SEASIDE — The North Coast Land Conservancy recently received a large delivery at its Circle Creek Habitat Reserve: About 16,000 early blue violet plants, tucked safely in beds until the flowers are ready to be planted in the fall to help bring back the Oregon silverspot butterfly.

On June 30, Stewardship Director Melissa Reich and the conservancy’s summer stewardship crew guided the violets’ journey from a nursery in Tillamook to the Circle Creek property, where they will stay for the time being. Come fall, the violets, which were grown using seeds propagated from the seeds of native Clatsop County plants, will be taken to their permanent homes on the Clatsop Plains and Long Beach (Wash.) Peninsula.

“The plants have had a long journey, and they have a long journey ahead of them,” Reich said.

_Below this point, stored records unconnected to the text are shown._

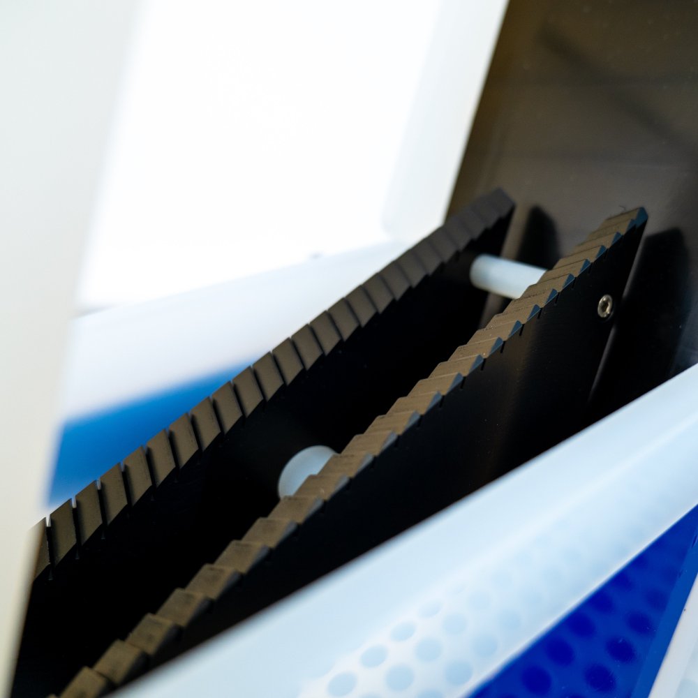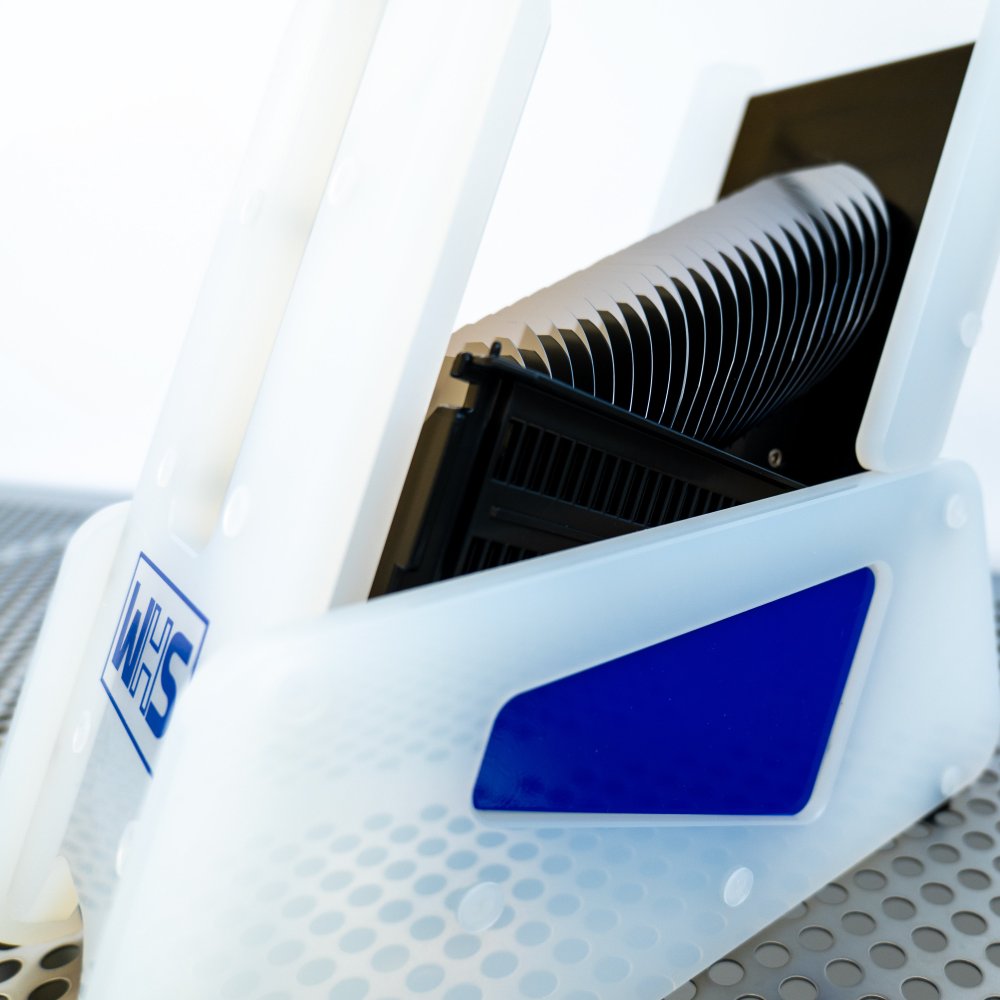 Operators use the WHS-P2 by lowering a wafer cassette with wafers onto the tool. The ergonomic angle and built-in guides make this process easy and repeatable, ensuring precise positioning every time. The unique comb design provides protection against wafer edge chipping, further enhancing wafer safety. The escalator raises each wafer 0.200" (5mm) above the previous one, allowing operators to quickly and efficiently verify the entire wafer lot.
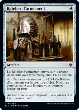 : Déplacez un marqueur +1/+1 du Râtelier d'armement sur la créature ciblée. N'activez cette capacité que lorsque vous pourriez lancer un rituel.
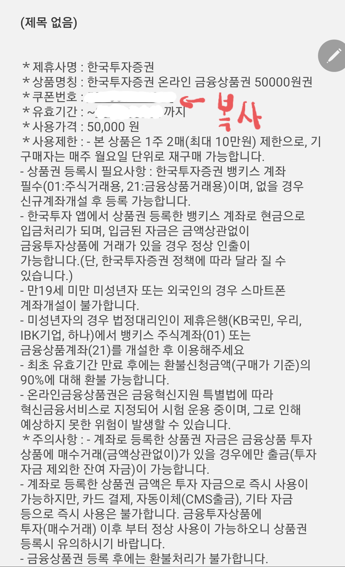 4. 구매한 상품의 쿠폰번호를 복사
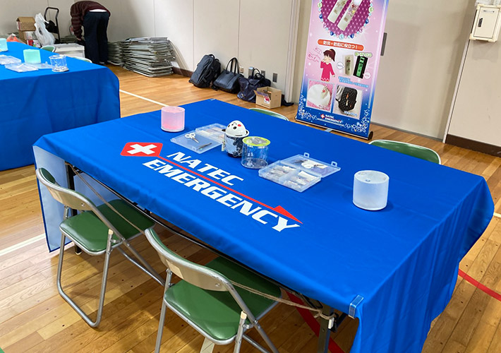 【事例849】防災用品メーカー様のイベント用テーブルクロスをテトロントロマット生地で製作いたしました2024/02/19
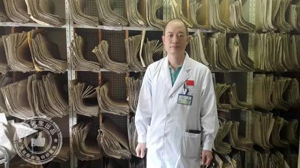 站在科室片库前合影,卢涛背后是两年来部分病人的检查结果

The journey started when the conservancy gathered seeds from flowers growing on its salt spray meadow properties on the Clatsop Plains. Those seeds were sent Corvallis, where they were planted to make a full bed of flowers. Once the flowers had matured, the center gathered a bag of their seeds and sent them to the conservancy as part of a process known as seed banking, land conservancy Executive Director Katie Voelke said.

In January 2014, staff and volunteers planted about 16,000 seeds into individual containers in Tillamook. Since the coast seeds were grown in the valley, the group wanted to re-adapt them to the coastal climate. More than a year later, the conservancy went back to collect thousands of burgeoning shoots.

“There are a few generations involved in these violets,” Voelke said of the tiny plants now soaking up sunshine and rain at Circle Creek.

It was important, she said, to maintain the flowers’ coast genetics for the sake of the project.

In the fall, the conservancy will reach out to volunteers to plant the flowers at its property on the Long Beach Peninsula and the Clatsop Plains. Fall and early winter are the best times for planting because the flowers are getting dormant, “and they stay nice and wet, so they’re well-established by spring,” Voelke said.

Increasing the presence of early blue violets will cause a re-emergence of the Oregon silverspot butterfly at suitable habitats. The Oregon silverspot butterfly, which is federally listed under the Endangered Species Act as threatened, relies entirely on the flower because it where the adult butterflies will lay eggs and where the larva can successfully feed and develop.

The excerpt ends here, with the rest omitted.